Problem to work on:
Repeat the listing below exactly from the line with "En seis meses, había" through its last line. Skip every picture.

Information given:
★ ★ ★ ★
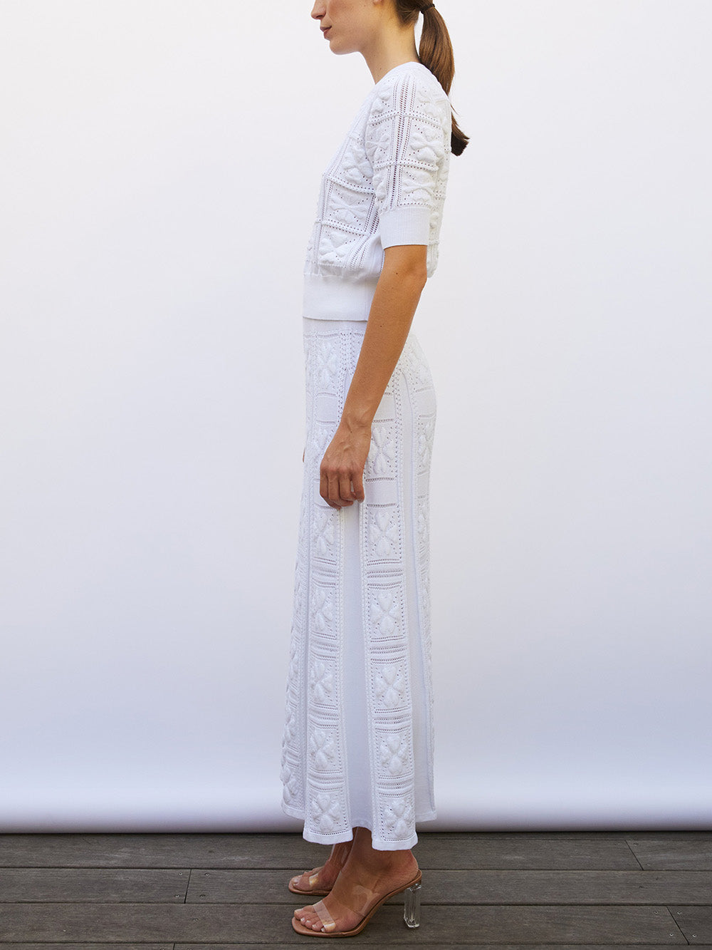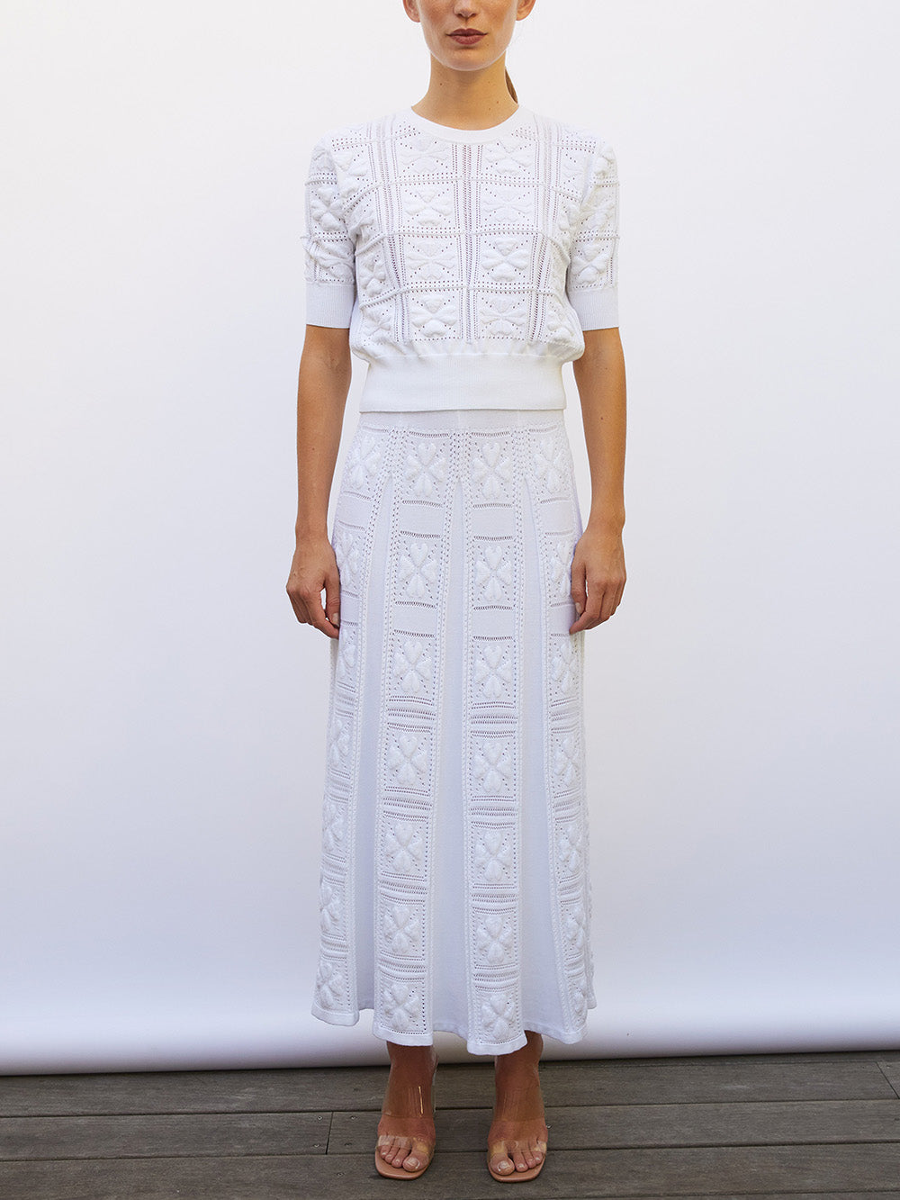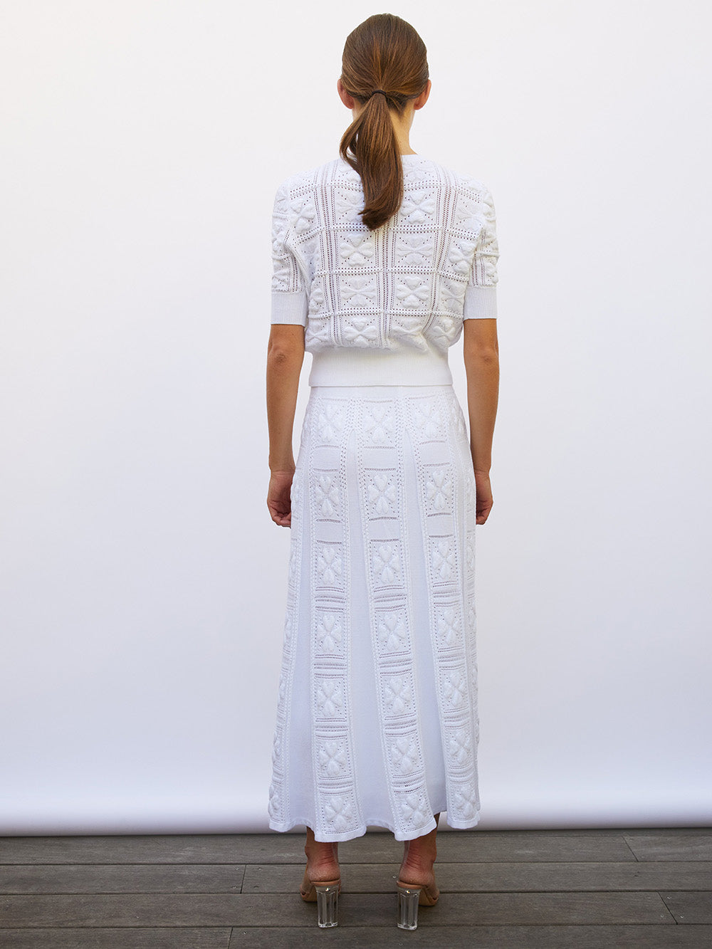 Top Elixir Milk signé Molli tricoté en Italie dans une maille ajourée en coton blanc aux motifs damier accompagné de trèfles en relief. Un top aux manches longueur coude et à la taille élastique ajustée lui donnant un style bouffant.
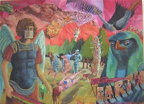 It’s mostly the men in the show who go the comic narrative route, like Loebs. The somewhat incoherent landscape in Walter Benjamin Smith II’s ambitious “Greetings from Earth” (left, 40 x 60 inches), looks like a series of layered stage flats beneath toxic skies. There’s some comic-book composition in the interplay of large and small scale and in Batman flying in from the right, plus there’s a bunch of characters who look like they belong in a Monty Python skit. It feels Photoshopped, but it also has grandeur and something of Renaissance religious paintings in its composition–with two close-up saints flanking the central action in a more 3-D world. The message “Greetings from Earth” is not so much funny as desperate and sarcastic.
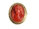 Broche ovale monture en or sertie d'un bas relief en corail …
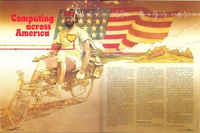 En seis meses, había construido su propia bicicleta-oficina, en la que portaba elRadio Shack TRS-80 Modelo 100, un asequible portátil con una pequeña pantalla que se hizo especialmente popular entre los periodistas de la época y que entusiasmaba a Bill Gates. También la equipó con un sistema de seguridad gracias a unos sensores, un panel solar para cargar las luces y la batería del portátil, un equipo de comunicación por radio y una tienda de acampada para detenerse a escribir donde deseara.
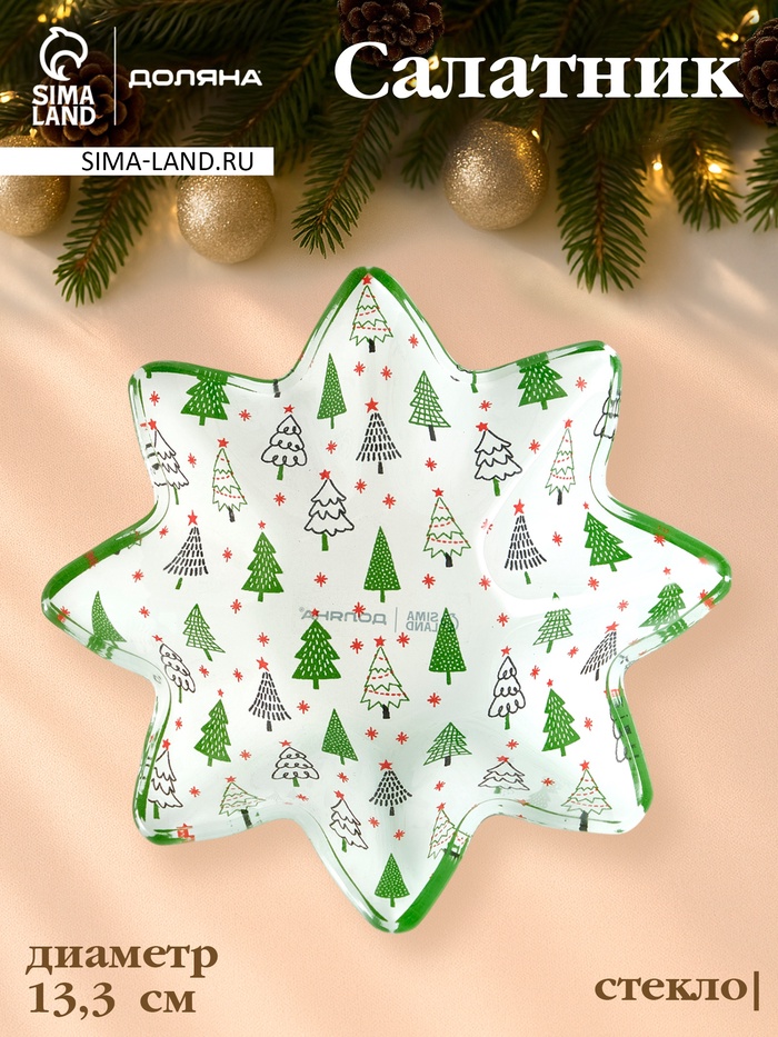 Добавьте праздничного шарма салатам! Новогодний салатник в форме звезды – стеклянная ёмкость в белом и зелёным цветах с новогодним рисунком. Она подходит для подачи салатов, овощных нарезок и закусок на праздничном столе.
★ ★ ★ ★
Finished exercise:
 En seis meses, había construido su propia bicicleta-oficina, en la que portaba elRadio Shack TRS-80 Modelo 100, un asequible portátil con una pequeña pantalla que se hizo especialmente popular entre los periodistas de la época y que entusiasmaba a Bill Gates. También la equipó con un sistema de seguridad gracias a unos sensores, un panel solar para cargar las luces y la batería del portátil, un equipo de comunicación por radio y una tienda de acampada para detenerse a escribir donde deseara.
 Добавьте праздничного шарма салатам! Новогодний салатник в форме звезды – стеклянная ёмкость в белом и зелёным цветах с новогодним рисунком. Она подходит для подачи салатов, овощных нарезок и закусок на праздничном столе.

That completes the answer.